» **WHAT THE EXERCISE ASKS**: The reply should contain all the data below, repeated exactly, and none of the images.

» **DATASET CONTENT**:
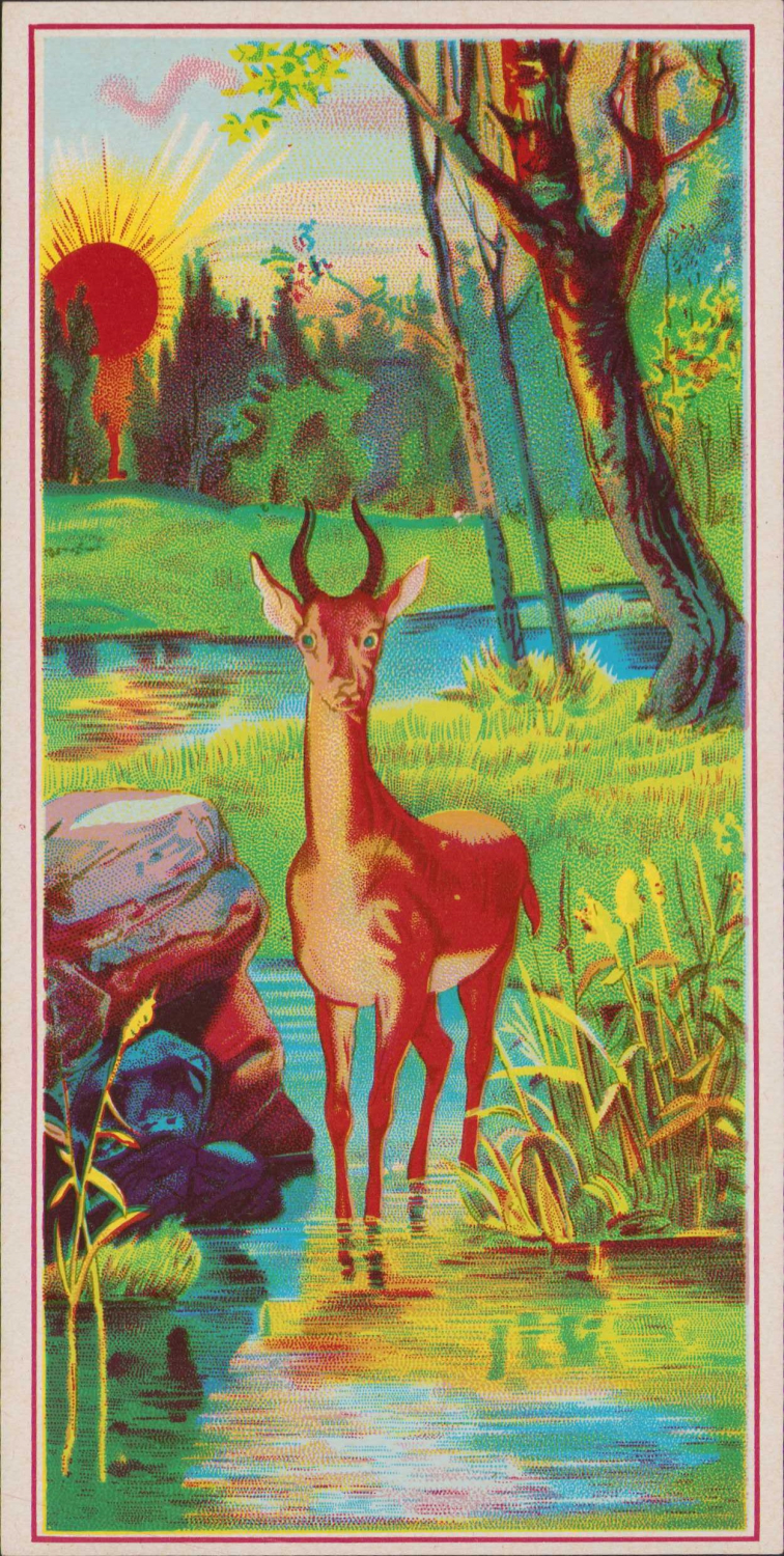 Osmanlı dönemi fes etiketi, geyik-doğa temalı, 10,5x21cm
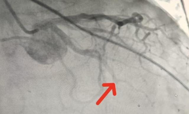 (▲冠脉造影提示回旋支远端完全闭塞。)
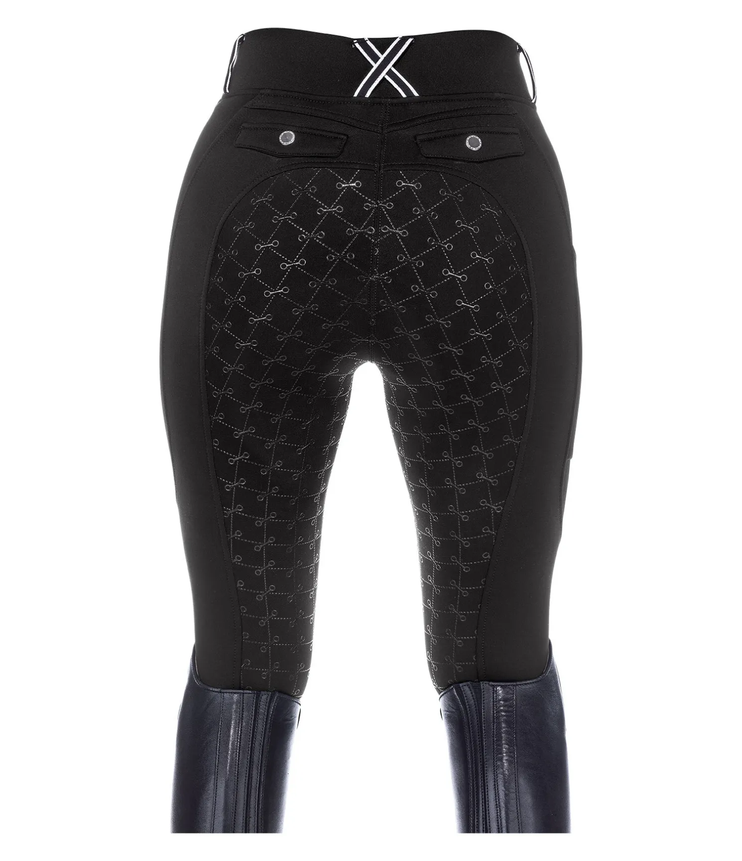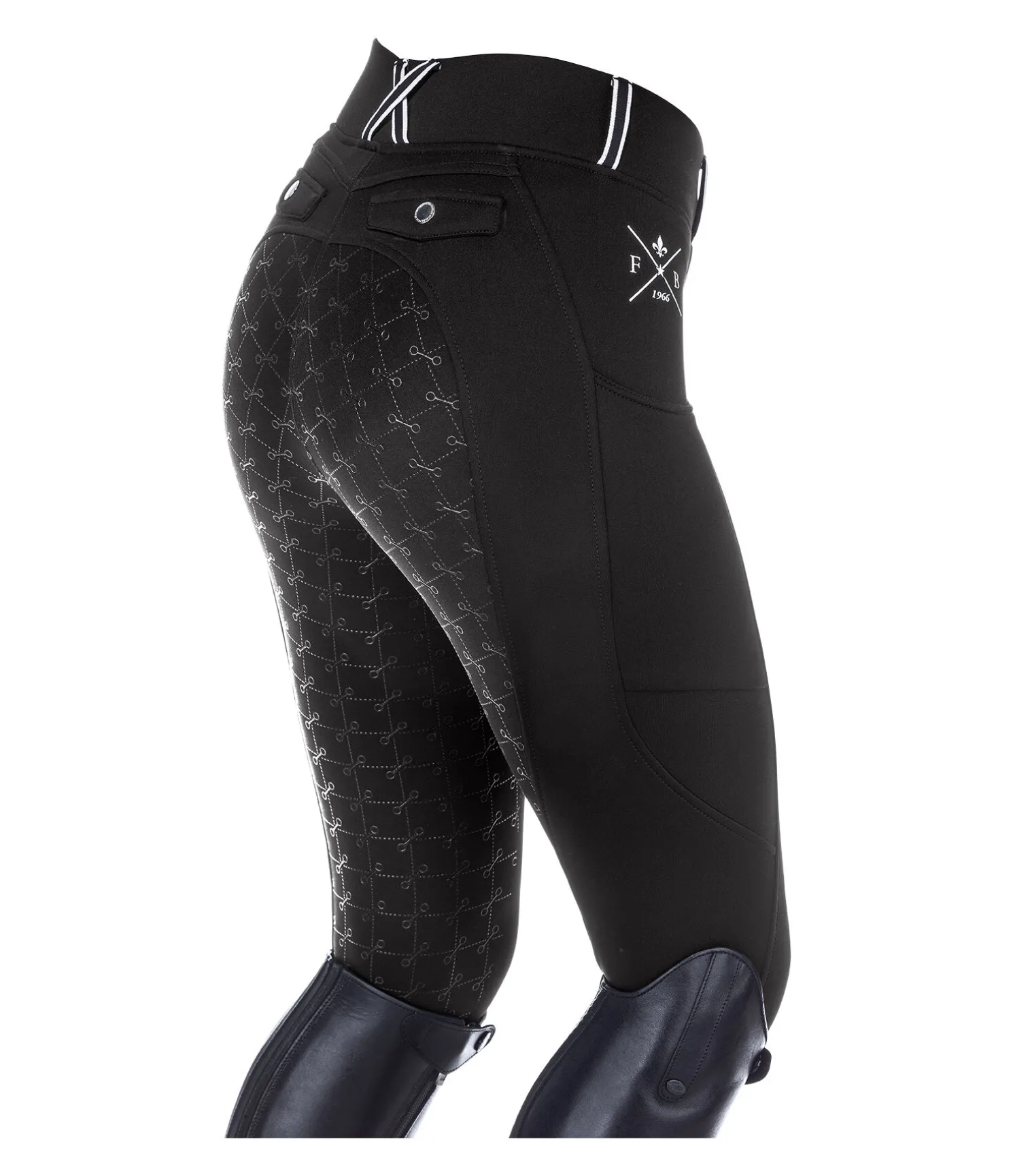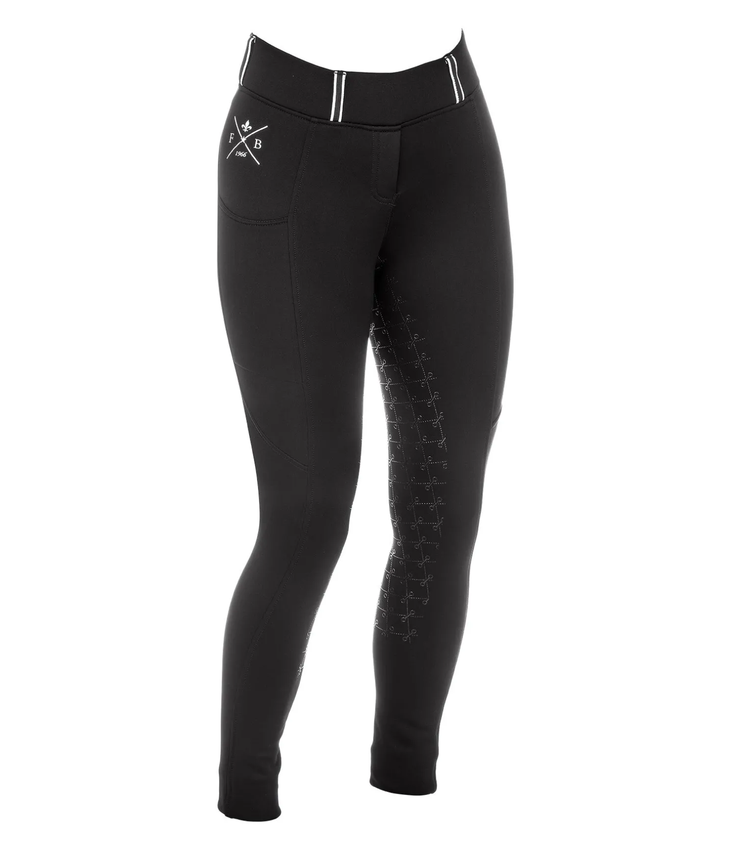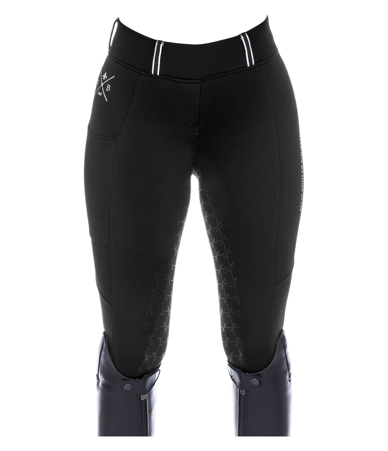Legging d’équitation sportswear thermique avec fond intégral grip en silicone. Matière stretch respirante, extensible dans 4 directions. Séchage rapide. Intérieur molletonné. Imprimés Felix Bühler. Ceinture large avec passants. Une poche latérale zippée pour téléphone portable et deux fausses poches arrière. Aucune couture au niveau des genoux. Bas de jambe extensible. 60 % polyester, 33 % polyamide, 7% élasthanne.
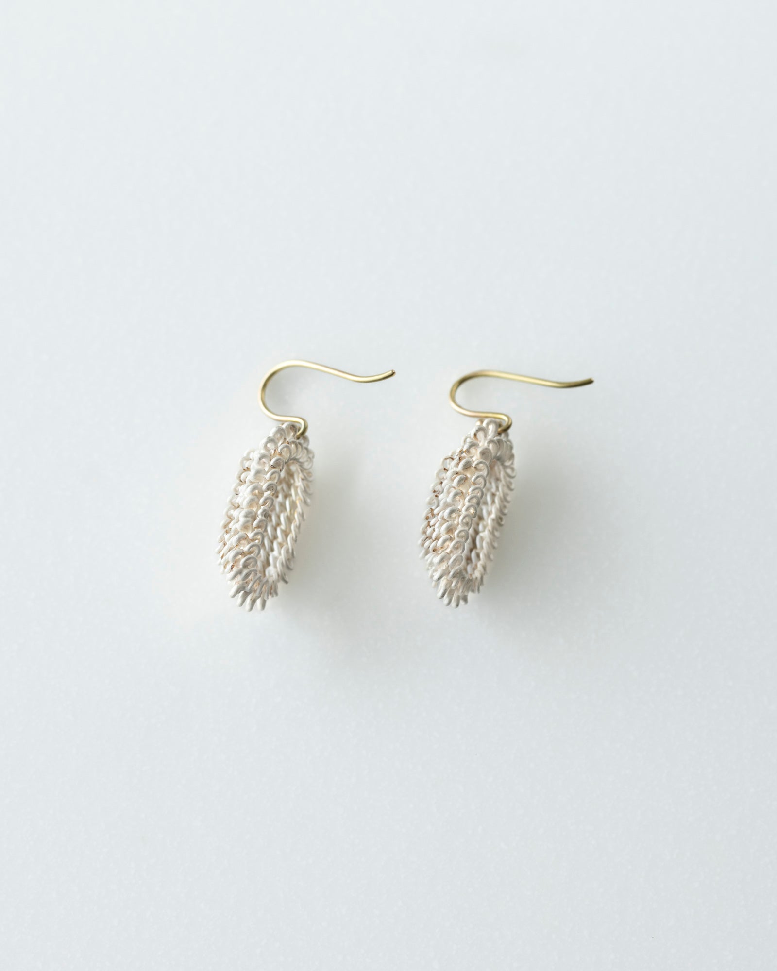 These stud earrings feature what the designer was drawn to, such as swirls, knots, and buds. The soft texture of the designs creates gentle shadows that move with the movement of the ear.

» **PROBLEM SOLUTION**:
 Osmanlı dönemi fes etiketi, geyik-doğa temalı, 10,5x21cm
 (▲冠脉造影提示回旋支远端完全闭塞。)
Legging d’équitation sportswear thermique avec fond intégral grip en silicone. Matière stretch respirante, extensible dans 4 directions. Séchage rapide. Intérieur molletonné. Imprimés Felix Bühler. Ceinture large avec passants. Une poche latérale zippée pour téléphone portable et deux fausses poches arrière. Aucune couture au niveau des genoux. Bas de jambe extensible. 60 % polyester, 33 % polyamide, 7% élasthanne.
 These stud earrings feature what the designer was drawn to, such as swirls, knots, and buds. The soft texture of the designs creates gentle shadows that move with the movement of the ear.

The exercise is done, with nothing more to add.